Your goal
All entries below are to be returned exactly, with pictures left out.
*** Opening Source data ***
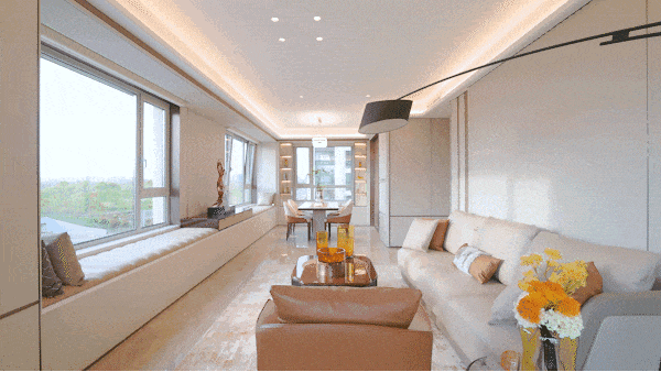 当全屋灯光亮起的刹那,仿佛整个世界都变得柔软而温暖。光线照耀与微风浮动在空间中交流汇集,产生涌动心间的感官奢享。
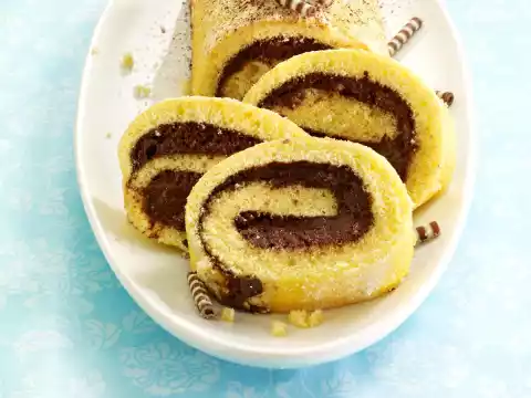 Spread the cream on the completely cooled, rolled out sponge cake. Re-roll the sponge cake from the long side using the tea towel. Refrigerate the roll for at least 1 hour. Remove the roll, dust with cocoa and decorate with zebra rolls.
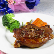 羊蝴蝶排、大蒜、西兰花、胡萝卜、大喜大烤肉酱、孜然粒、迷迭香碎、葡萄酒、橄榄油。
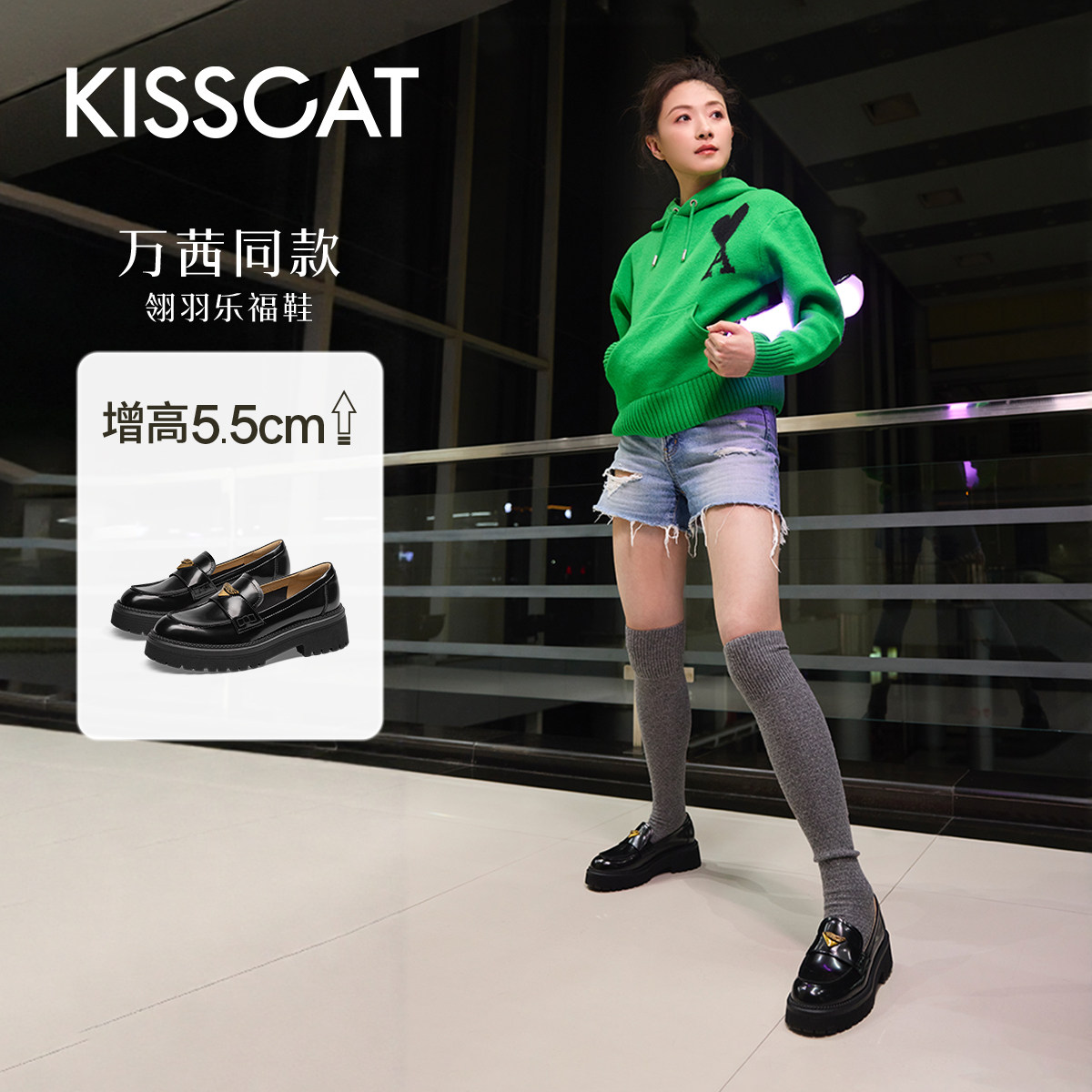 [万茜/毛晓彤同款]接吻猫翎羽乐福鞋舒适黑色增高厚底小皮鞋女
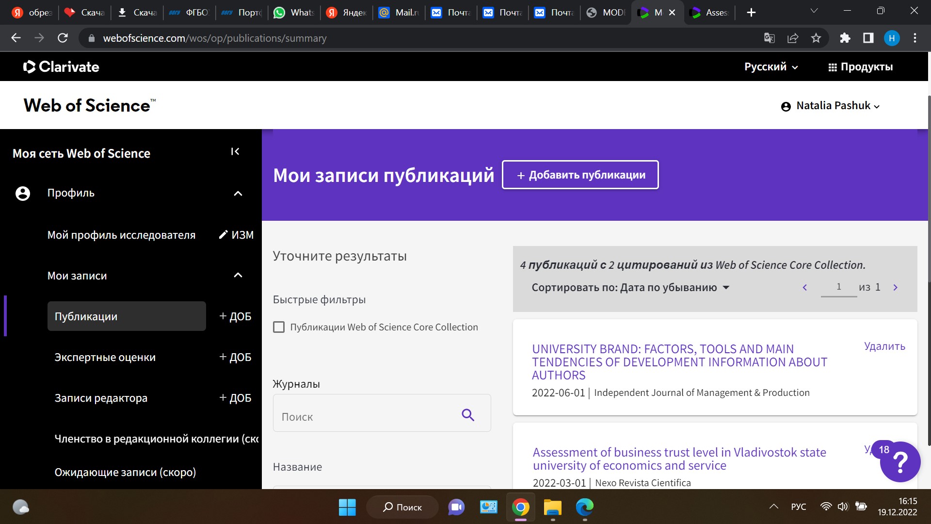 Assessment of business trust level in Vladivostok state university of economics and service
*** Closing Source data ***
Task result
 当全屋灯光亮起的刹那,仿佛整个世界都变得柔软而温暖。光线照耀与微风浮动在空间中交流汇集,产生涌动心间的感官奢享。
 Spread the cream on the completely cooled, rolled out sponge cake. Re-roll the sponge cake from the long side using the tea towel. Refrigerate the roll for at least 1 hour. Remove the roll, dust with cocoa and decorate with zebra rolls.
 羊蝴蝶排、大蒜、西兰花、胡萝卜、大喜大烤肉酱、孜然粒、迷迭香碎、葡萄酒、橄榄油。
 [万茜/毛晓彤同款]接吻猫翎羽乐福鞋舒适黑色增高厚底小皮鞋女
 Assessment of business trust level in Vladivostok state university of economics and service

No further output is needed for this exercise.